Colgate Alum Tells His Holocaust Story

In order to commemorate Holocaust Remembrance Day, Colgate graduate and Holocaust survivor Bill Donat ’60 shared his story of survival on Tuesday at 7:00 p.m. in the Ho Lecture Room. Sponsors for the event included the American Jewish Committee, Colgate Jewish Union and the Jewish Studies Department.

Associate University Chaplain and Director of Jewish Life Rabbi Dave Levy introduced Donat.

“It is impossible for any of us to ever fathom the magnitude of the loss and suffering that took place during that dark period,” Levy said. “However, it is by finding ways to learn individual stories of those who lived through that difficult time that we can gain some understanding.”

Donat shared his and his family’s experiences before, during and after the Holocaust. He discussed his time living in the ghetto of Warsaw, Poland, when he was forced to wear a white armband with the blue Star of David, and his near voyage to a concentration camp. Donat, along with his mother and seven of her colleagues, were sent to Umschlagplatz, German for “collection point” or “reloading point,” which was where Jews were gathered for deportation to the Treblinka concentration camp. Fortunately, Donat’s father contacted a Jewish policeman, who saved the group.

“150,000 children were sent to Umschlagplatz and I’m the only one who escaped,” said Donat. “150,000 children perished and now I’m here to share my story with you.”
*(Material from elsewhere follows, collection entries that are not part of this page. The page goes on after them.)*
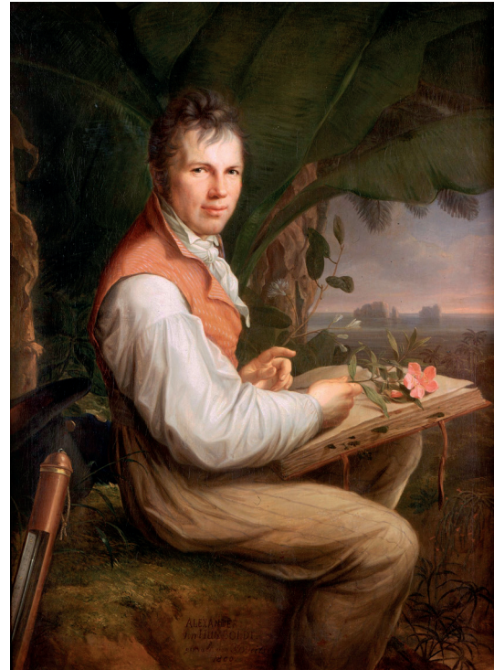
Fig. 2: Friedrich Georg Weitsch (1758–1828). Alexander von Humboldt, 1806, Oil on canvas, 126 x 92.5 cm, Alte Nationalgalerie, Berlin, Germany

Both men's fascination with geography and their respective contributions to this discipline are again just as interesting. 2 Let us start by saying that Kant was a genuine Gelehrter , a German word usually translated as sage and which, in Kant's case, can perfectly fall short if we really attempt to describe him: his wisdom was such that yes, he knew much about many things, but none superficially or lightheartedly... he examined the very depths of all issues he attended to. Yes, he is a sage among sages, throughout his writings we see what in German is known as Gründlichkeit , i. e., soundness, close attention, and assiduousness in thought and knowledge.
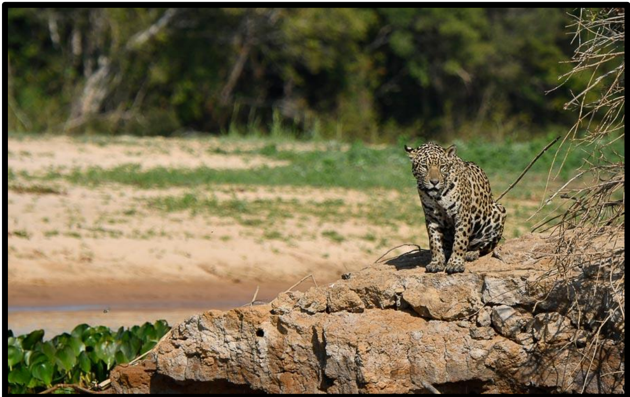
Jaguar is a top target of this fantastic tour.
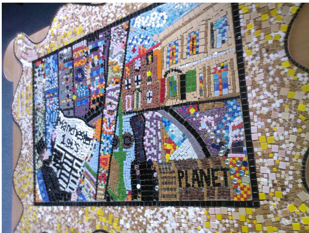
Mosaic panels made by families using the education programme at the museum
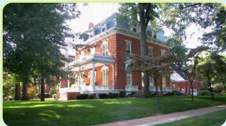
DAVID W. MILLER HOUSE / 1477 MAINE

Street parking is easy & free in this quiet residential neighborhood. You're welcome to park at The Quincy Museum (#3 below) ~it's a magnificent masterpiece we encourage you to tour.
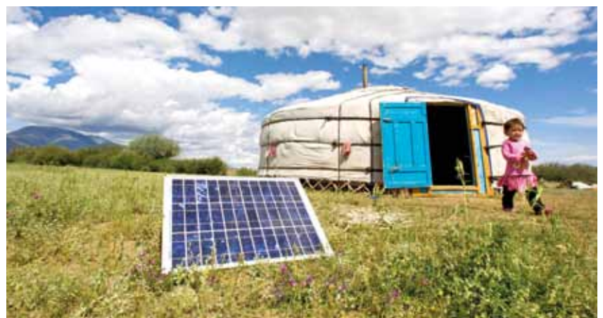
Energy from the sun in Tarialan soum, Mongolia. Well-being for everyone implies higher energy use globally.

Friends of the Earth has led the way in the UK on decentralised energy, with the successful campaign to introduce a feed-in tariff for small-scale renewables and successful legal challenges to prevent the Government fatally weakening the financial incentive. We are now working with sister groups in Friends of the Earth International to secure the delivery of a global feed-in tariff to enable poorer communities across the globe to benefit from decentralised energy. This research will support the campaign and inform future campaigns in related areas such as waste management.
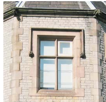
(j) Carved stone, including window/door surrounds, mullion, quoins and hood moulds.
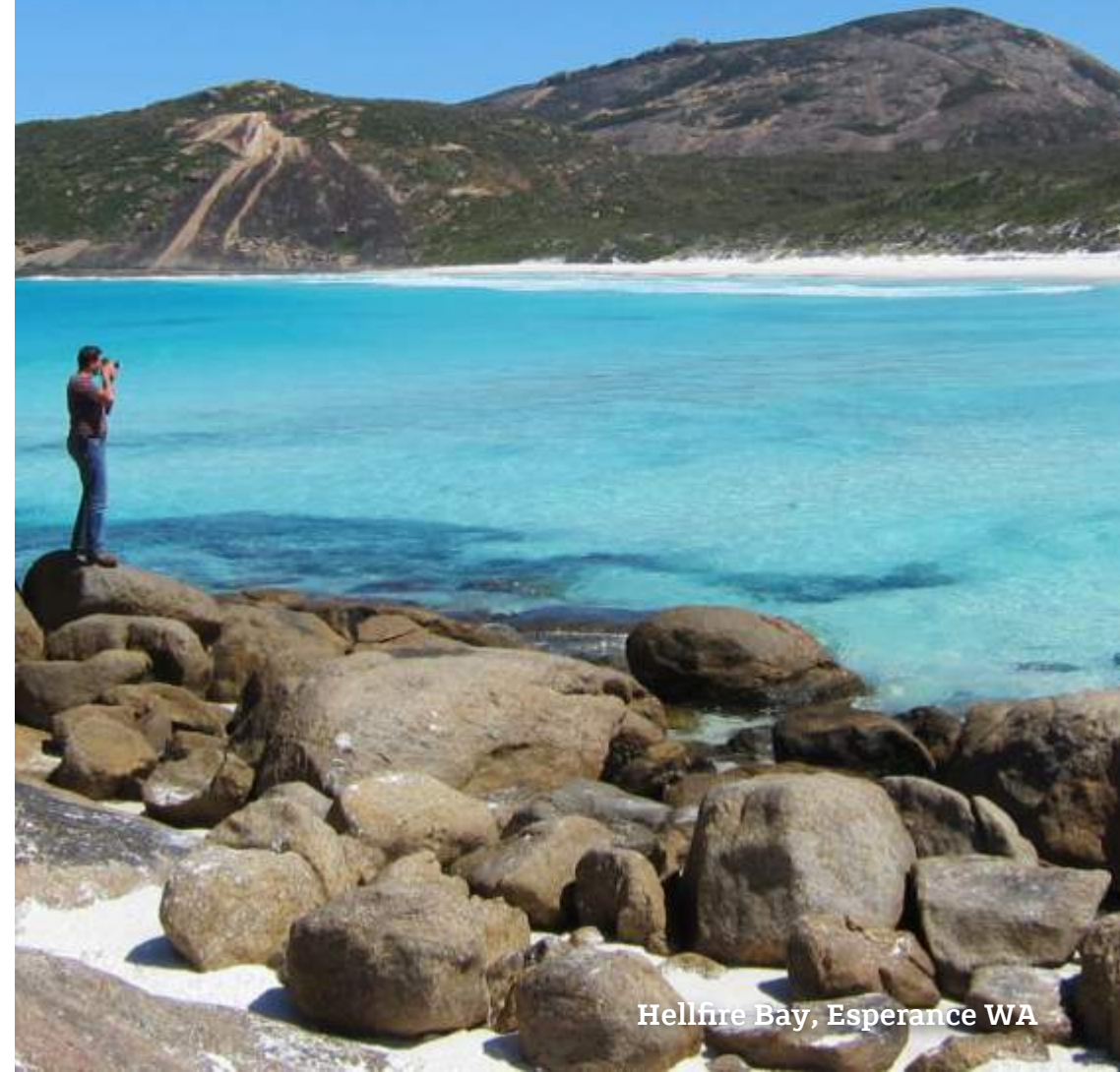
Hellfire Bay, Esperance WA
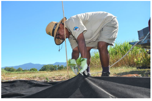
Riparian planting on Giru cane farm, North Qld

NRM work addresses a wide diversity of environmental values, reflecting this integrated approach. This includes improving the quality of water, soils, and vegetation, supporting sustainable production in agriculture, building community capacity to care for natural environments, mitigating the impacts of and responding to climate extremes and natural hazards, and protecting and restoring natural and cultural heritage areas, wetlands, threatened
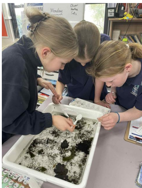
Exploring the wonderful world of water bugs

“These moments capture the spirit of learning, discovery, and stewardship that this program inspires in our school community.”
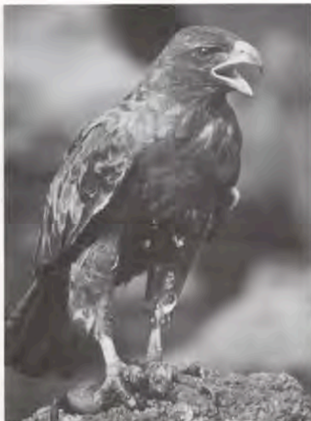
Galápagos Hawk killing a hatchling Marine Iguana on Santa Fe Island.

the oil tanker "Jessica" ran ashore on nearby San Cristobal Island and spilled about 750,000 gallons of diesel and bunker oil. Consequently, oil contamination could pose a serious threat to all populations of Galápagos Marine Iguanas, even those that live far from human settlements and would otherwise be considered pristine. As to the specific mechanism of mortality, we suggest that hindgut endosymbionts are highly susceptible to oil in their digestive substrate. Marine Iguanas need these bacteria to digest algae fully, a process that can take up to two weeks. These specialized and highly effective gut bacteria probably suffered heavily due to the oil spill, which in turn caused failed digestion and widespread starvation among Marine Iguanas.
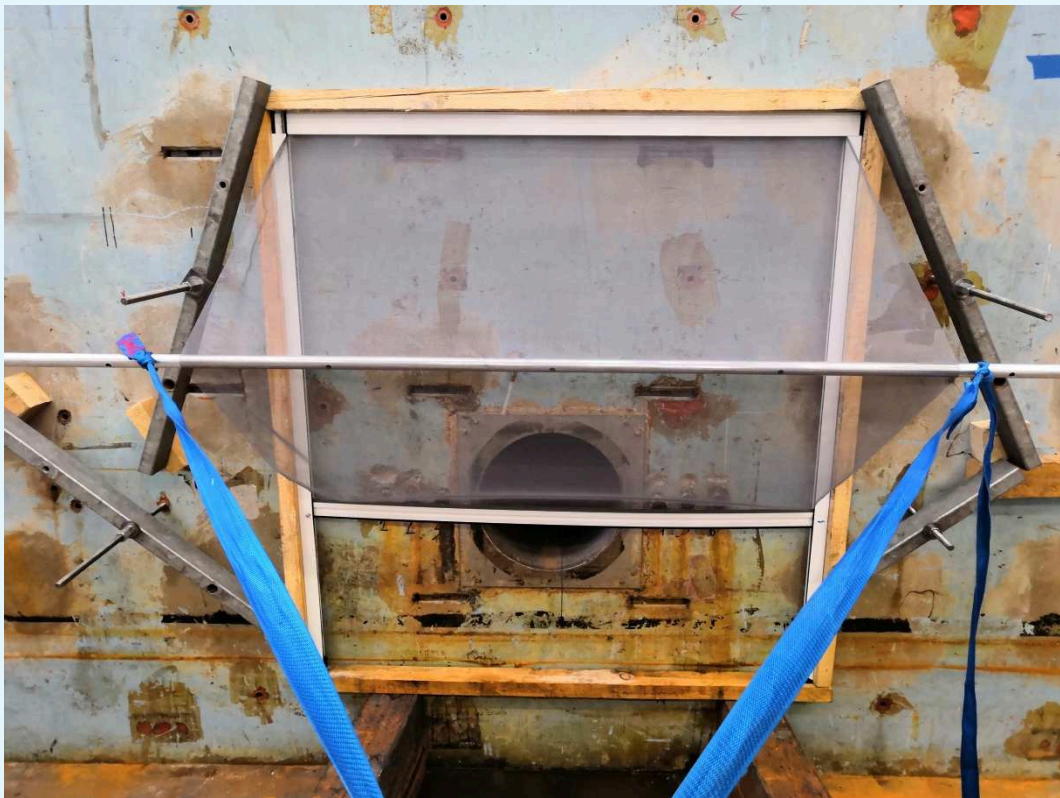
Photograph of the sample.

The sample is composed by curtain with stated openness coefficient "Co" 65%.
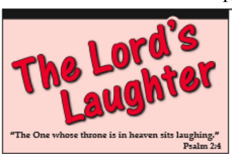
Jokes pastors can tell

police officer saw a man driving with a bunch of penguins in the backseat of his car. The officer pulled the man over and asked, "Where did you get those penguins?" The man replied, "I found them wandering on the side of the road."

Donat’s parents sent him to stay with a Christian couple – whom he referred to as “Auntie Maria” and “Uncle Stefan” – for the duration of the war. At one point, three Polish policemen came to the house where Donat was staying and discovered him. However, his aunt persuaded the policemen to overlook him and they agreed. On the same day, he saw the ghetto in flames in what he believes was the Warsaw Ghetto Uprising. His parents were waiting in a bunker, but when it caught fire, they escaped to the roof. They were prepared to take potassium cyanide tablets to commit suicide, but his mother had lost the tablets in the process of fleeing to the roof.

Donat’s parents were sent to several different extermination and work camps while Donat was placed in an orphanage outside of Auschwitz. There, he suffered from severe malnutrition, and he was sent to a farm in order to receive better nourishment. Shortly thereafter, Russian soldiers invaded the farm and he was sent back to the orphanage.

Two years after Donat arrived at the concentration camps, his mother was released and the two were reunited. She could not support him, despite her job working for a distribution center that allowed people released from concentration camps to see if their relatives were still alive. His father also survived the camps and, once the family was reunited, decided to relocate to the United States.

Ten years later, Donat was a first-year student at Colgate.

Donat answered several questions from the audience after his presentation.

When asked how he dealt with what happened once he arrived in the United States, he said that he focused obsessively on assimilation.

“I didn’t want to talk about what had happened. I wanted to be an American … I wanted to suppress it all,” he said. “There was a generation of people who had been totally traumatized and were only trying to find normalcy.”

Concerning his Jewish heritage and how he found a balance between his Jewish background and Christian upbringing, he said that his confusion leveled out after he moved to the U.S.

“My parents realized that I had been through a trauma. They let things go. In the United States, surrounded by my family, I started to identify with my Jewish heritage,” Donat said.

The lecture was Donat’s first visit to Colgate in 18 years.